I am not a flyfisherman but sometimes when I fish the lights and the trout and reds are feeding on extremely small bait I have always thought about trying to tie a fly on the back eye of my yozuri lure. probably about 12 inches of leader line. Any comments?


----------



## BrandonFox (Jan 8, 2013)

Yes, it is common to do that in some parts of FL for bonito when they are keyed in on rain minnows. Itll work just fine.


----------



## Golden (Aug 1, 2006)

Why not just use the fly and fly rod especially when under the lights? Why mess with constantly trying to keep your "dropper rig" from getting tangled up 'cause it will. ...and believe me when a nice fat trout hooked on the fly starts to thrash around while your landing it and your free swinging double treble hook Yozuri lure will be looking for a nice warm hand to sink into and it will! OUCH!

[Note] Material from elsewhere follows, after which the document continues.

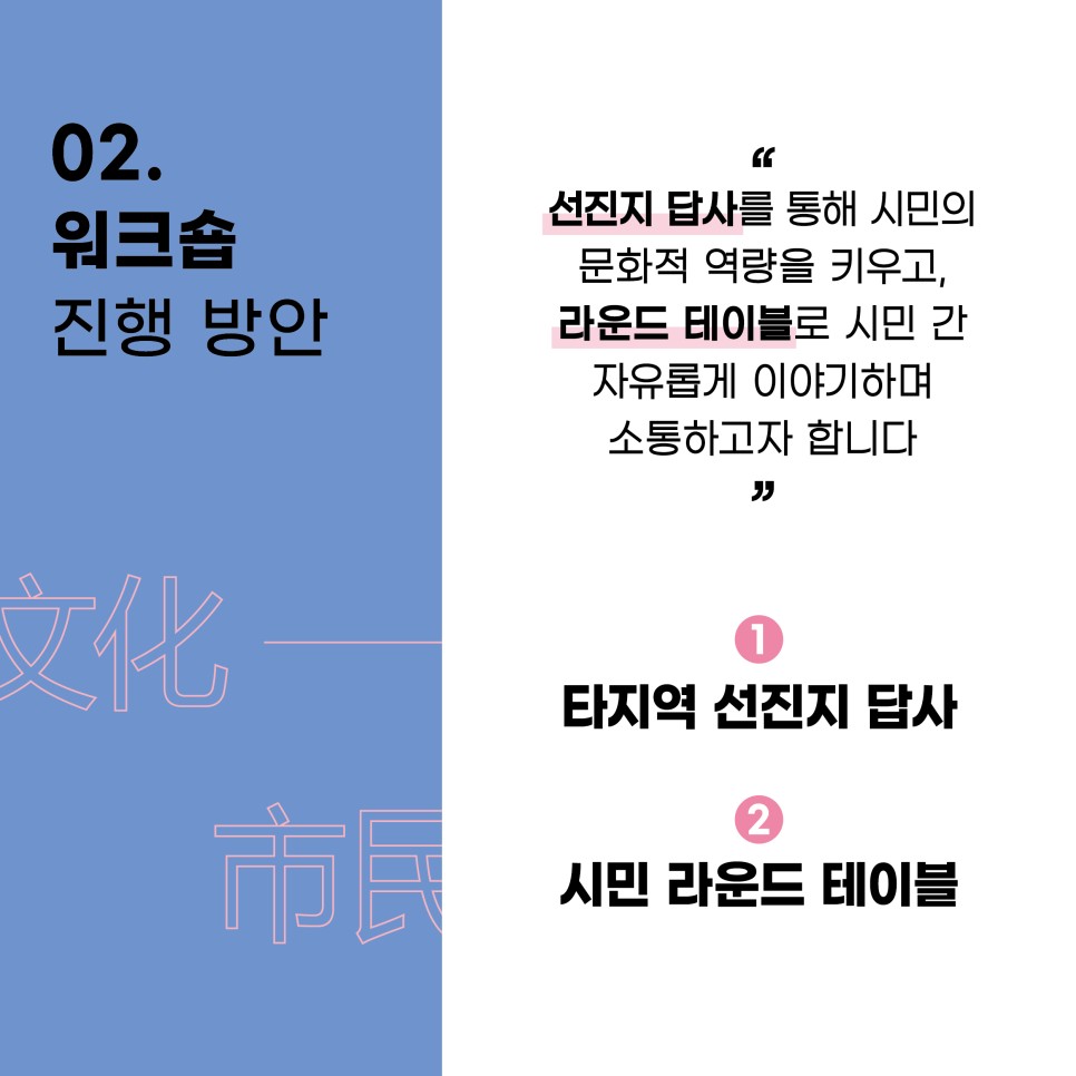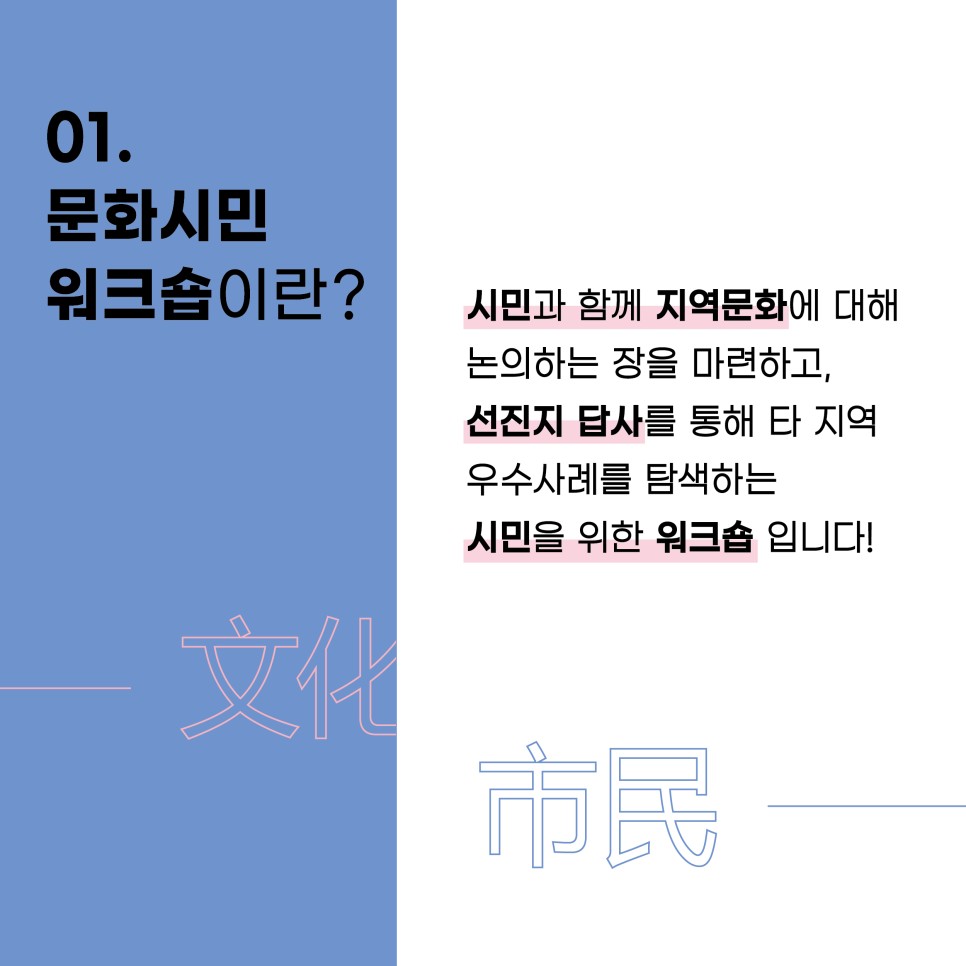 | 분야·대상 | 관내에 거주하거나, 직장에 재직 중인 문화도시 및 문화 활동에 관심이 있는 시민 | 인원 | - |
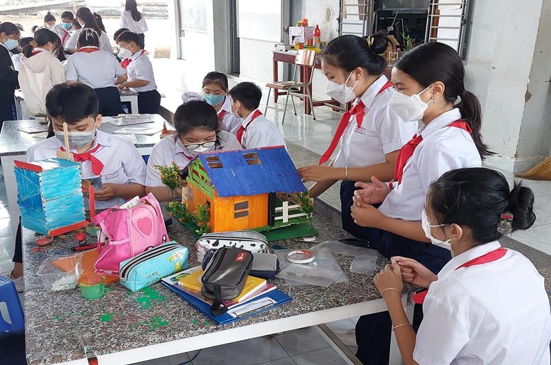 Học sinh Trường THCS Trần Hưng Đạo (TP.Biên Hòa) trong giờ thực hành mô hình sáng tạo trong học tập năm 2022

After all this is a flyfishing forum...what did the conventional guys tell you to do go ask the fly guys? LOL

I have seen where a 1/4 - 1/2 oz. gold or silver minnow spoon has been used with a skirted short leader trailer using a treble while trolling for King Macs, Striped Bass or blues when they are short striking. Also works for LMB. 

GOOD LUCK!


----------



## Unbound (Jul 12, 2004)

I used to do that for smallmouth bass up in Wisconsin. I finally figured out, as others here have stated, just tie it direct to a fly rod instead. Go ahead and do what you suggested, but pretty soon you'll want to try a fly rod.


----------



## texasflycaster (Jun 16, 2009)

Kind of ... was dropping slabbing spoons on Lake Texoma for stripers, and got real bored. Tied a fly two feet behind the heavy spoon and dropped it down. Yeah, it worked - caught on the fly - with the slab in front.


----------



## john66 (Aug 3, 2006)

Tie a fly behind a top water and see what happens . 

Sent from my XT1032 using Tapatalk


----------



## bugchunker (Dec 23, 2013)

As a kid(45years ago) I would tie a streamer fly to the back of top water plugs. The plug was for the Bass and the Fly was for the Perch. Then(age 15) I started using the Fly rod and know I tie a dropper fly on the back of my poppers.
So yes it works.


----------



## browpark (Sep 22, 2014)

I just tie flies behind a bobber when I use a conventional rod.

works like a charm.


----------



## SurfRunner (May 22, 2004)

I have done it with success. Joe Doggett wrote a great article about it in the Chronicle several years ago.


----------



## 2thDr (Jan 25, 2014)

clear casting floats are made to allow casting flies with conventional tackle.


----------